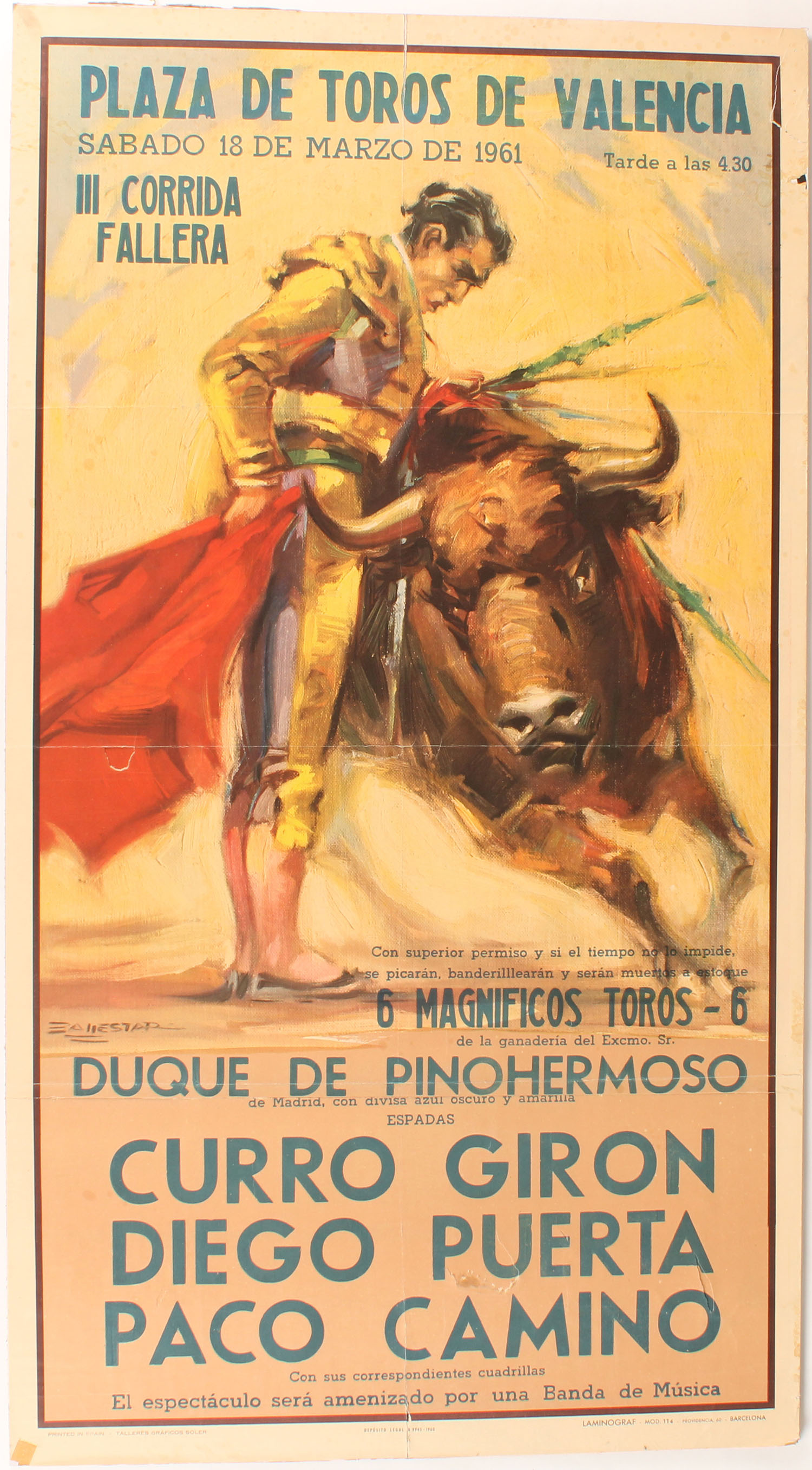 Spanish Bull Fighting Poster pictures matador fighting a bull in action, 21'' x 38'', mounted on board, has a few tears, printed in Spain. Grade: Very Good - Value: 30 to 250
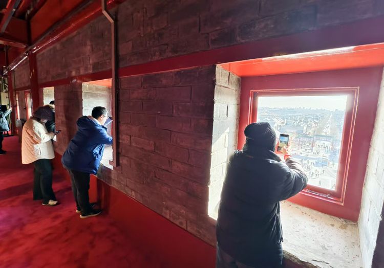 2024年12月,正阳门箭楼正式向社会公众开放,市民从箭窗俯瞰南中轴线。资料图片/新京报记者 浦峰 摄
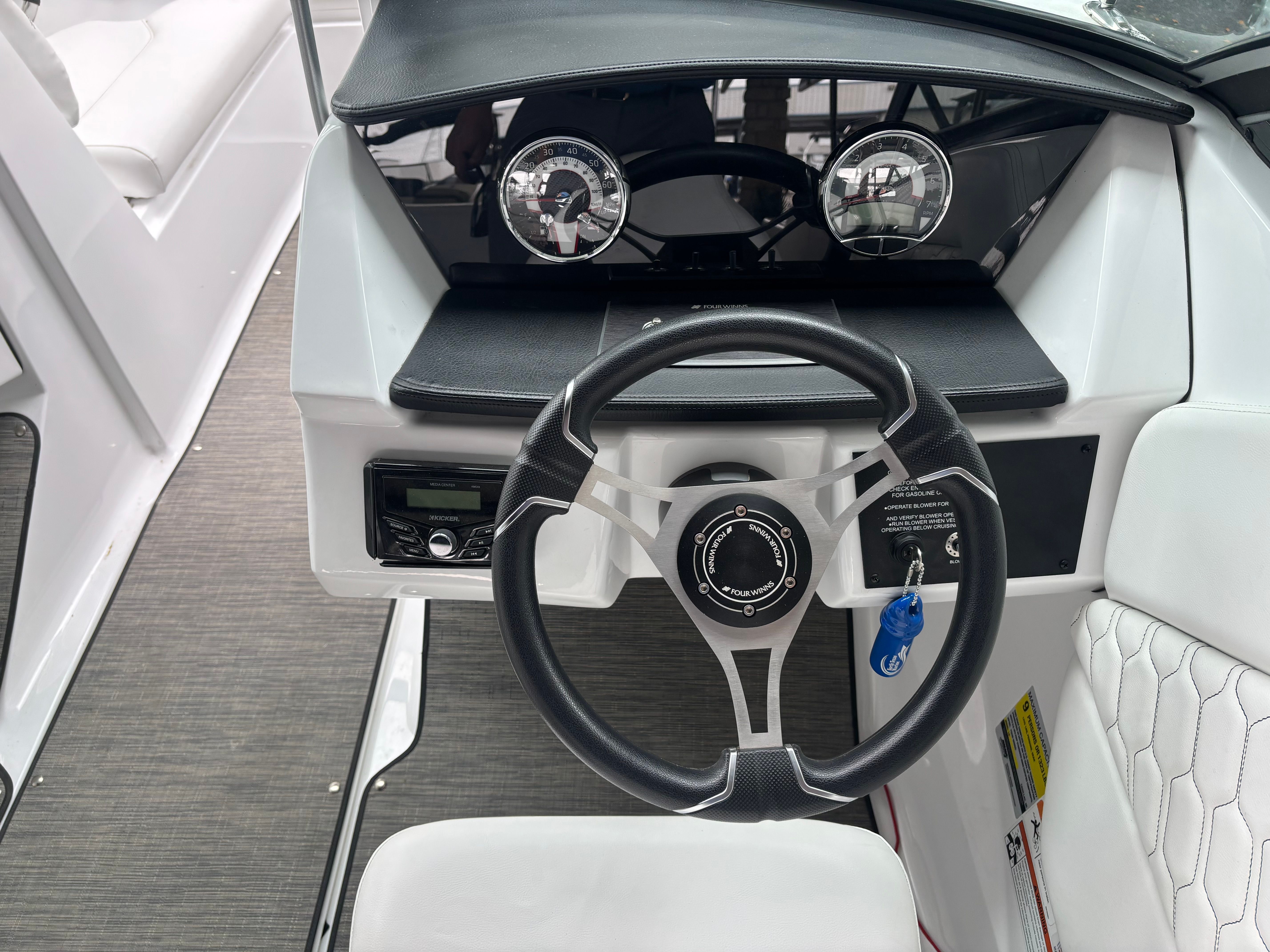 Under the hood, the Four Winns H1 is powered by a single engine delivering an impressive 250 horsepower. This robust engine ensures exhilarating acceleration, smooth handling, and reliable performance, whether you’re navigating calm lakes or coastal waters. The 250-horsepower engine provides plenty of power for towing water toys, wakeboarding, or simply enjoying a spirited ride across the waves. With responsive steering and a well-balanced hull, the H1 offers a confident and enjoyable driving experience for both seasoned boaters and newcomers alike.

--

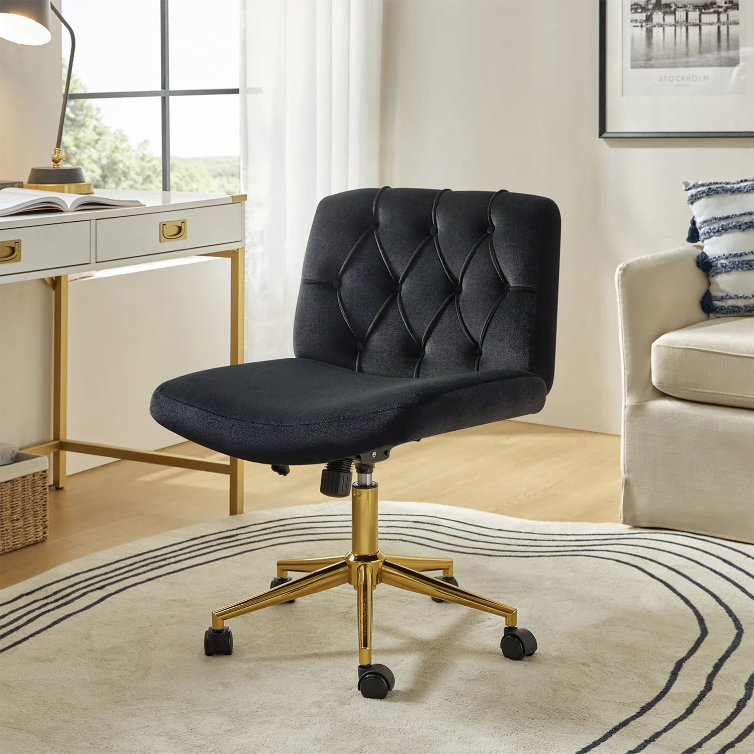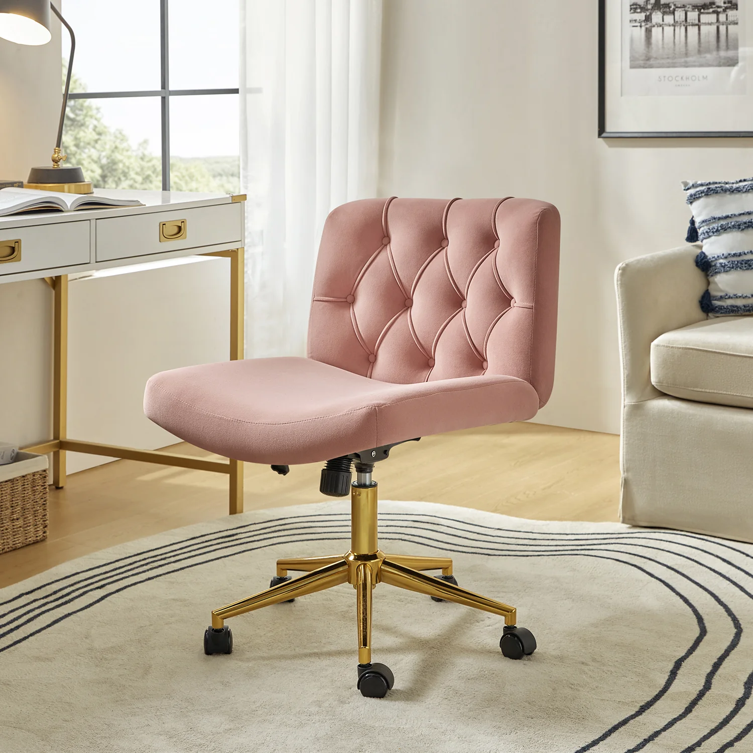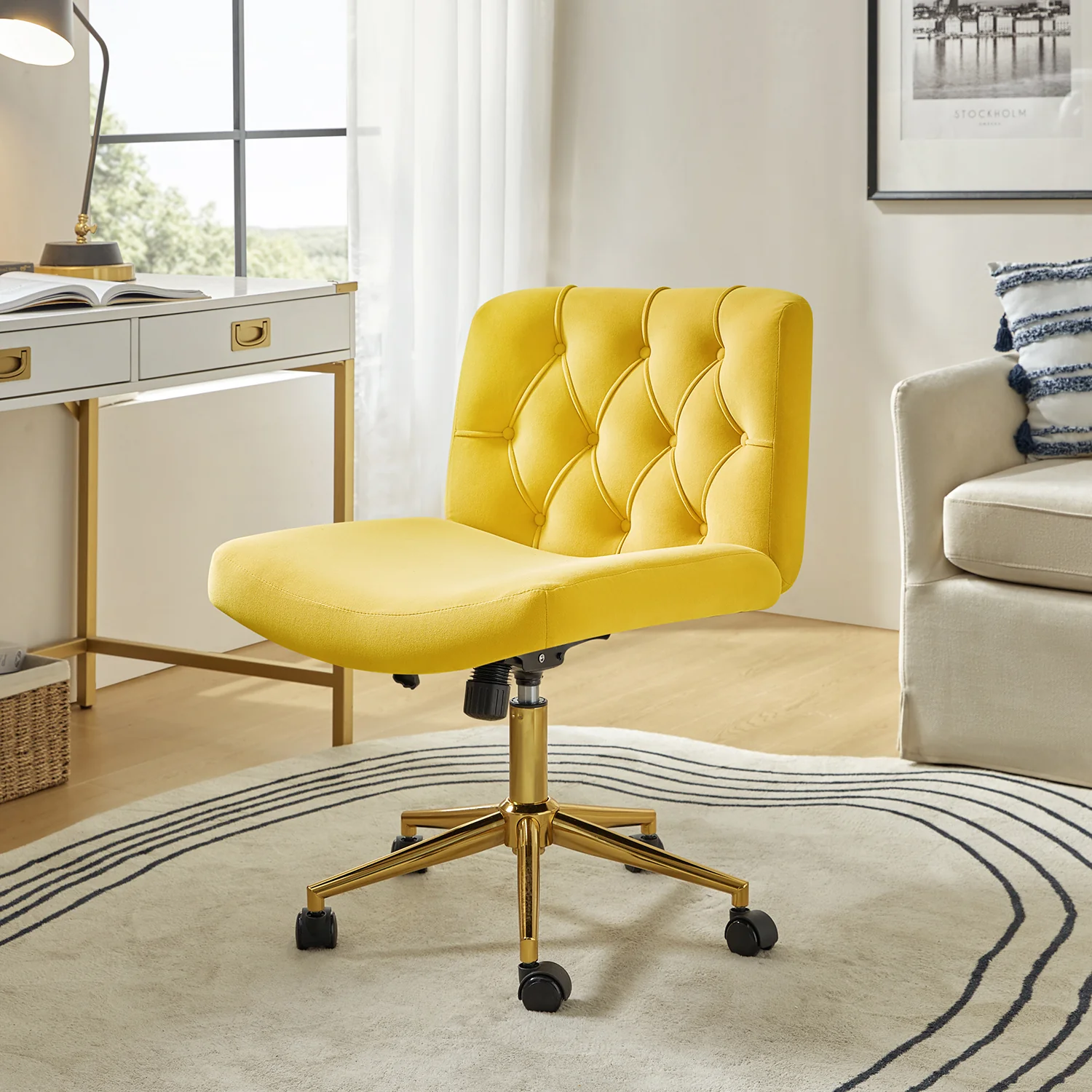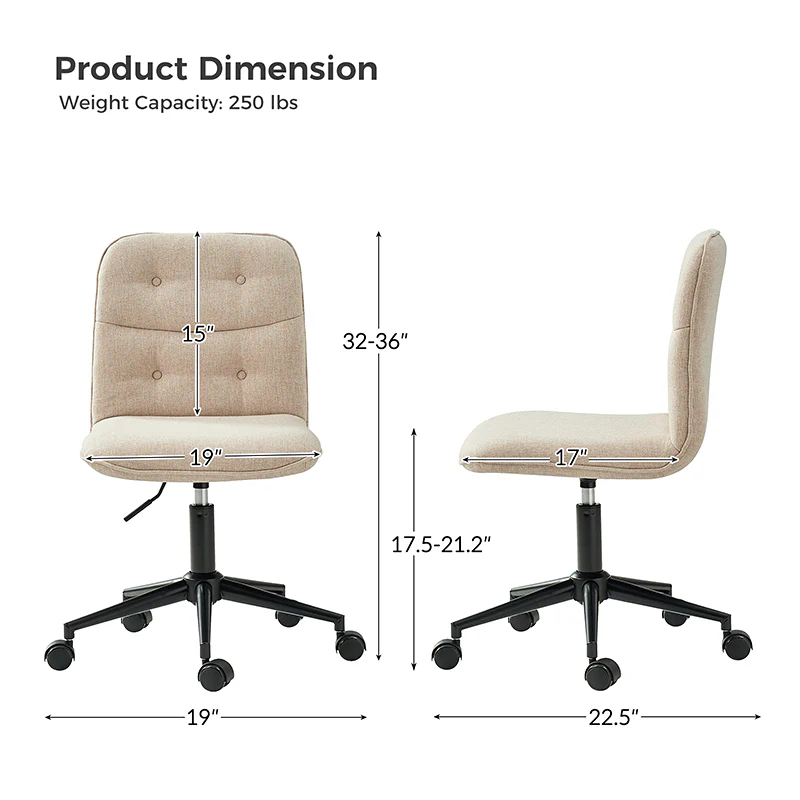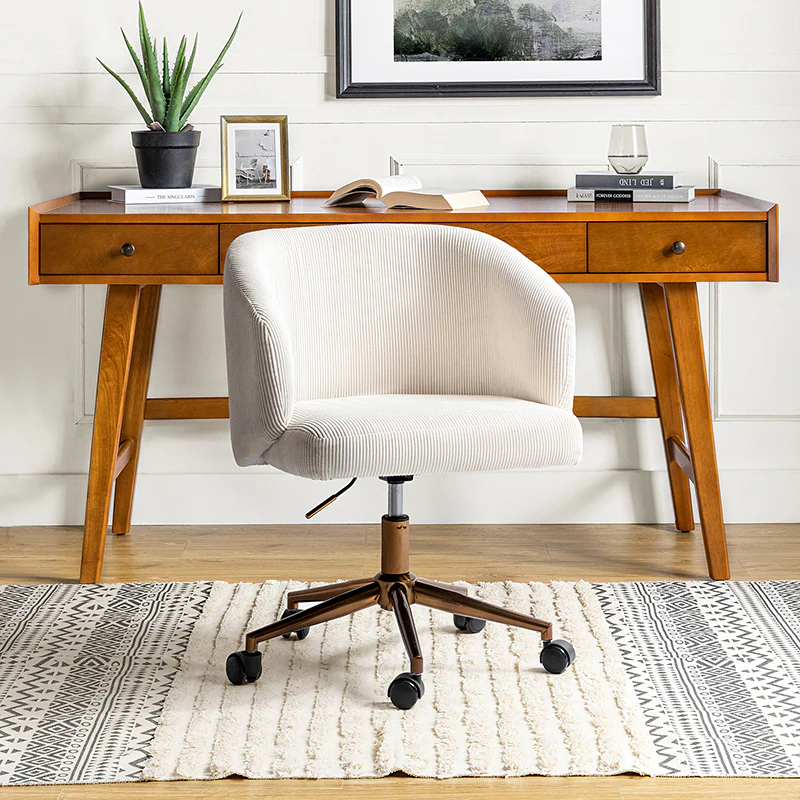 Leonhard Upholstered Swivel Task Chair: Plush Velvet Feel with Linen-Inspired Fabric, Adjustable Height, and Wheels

What the exercise asks |
Look above for the line with "Spanish Bull Fighting" and the line with "2024年12月,正阳门箭楼正式向社会公众开放,市民从箭窗俯瞰南中轴线。资料图片/新京报记者 浦峰 摄", then restate exactly those two lines and all lines between them, with no pictures.

Result below |
 Spanish Bull Fighting Poster pictures matador fighting a bull in action, 21'' x 38'', mounted on board, has a few tears, printed in Spain. Grade: Very Good - Value: 30 to 250
 2024年12月,正阳门箭楼正式向社会公众开放,市民从箭窗俯瞰南中轴线。资料图片/新京报记者 浦峰 摄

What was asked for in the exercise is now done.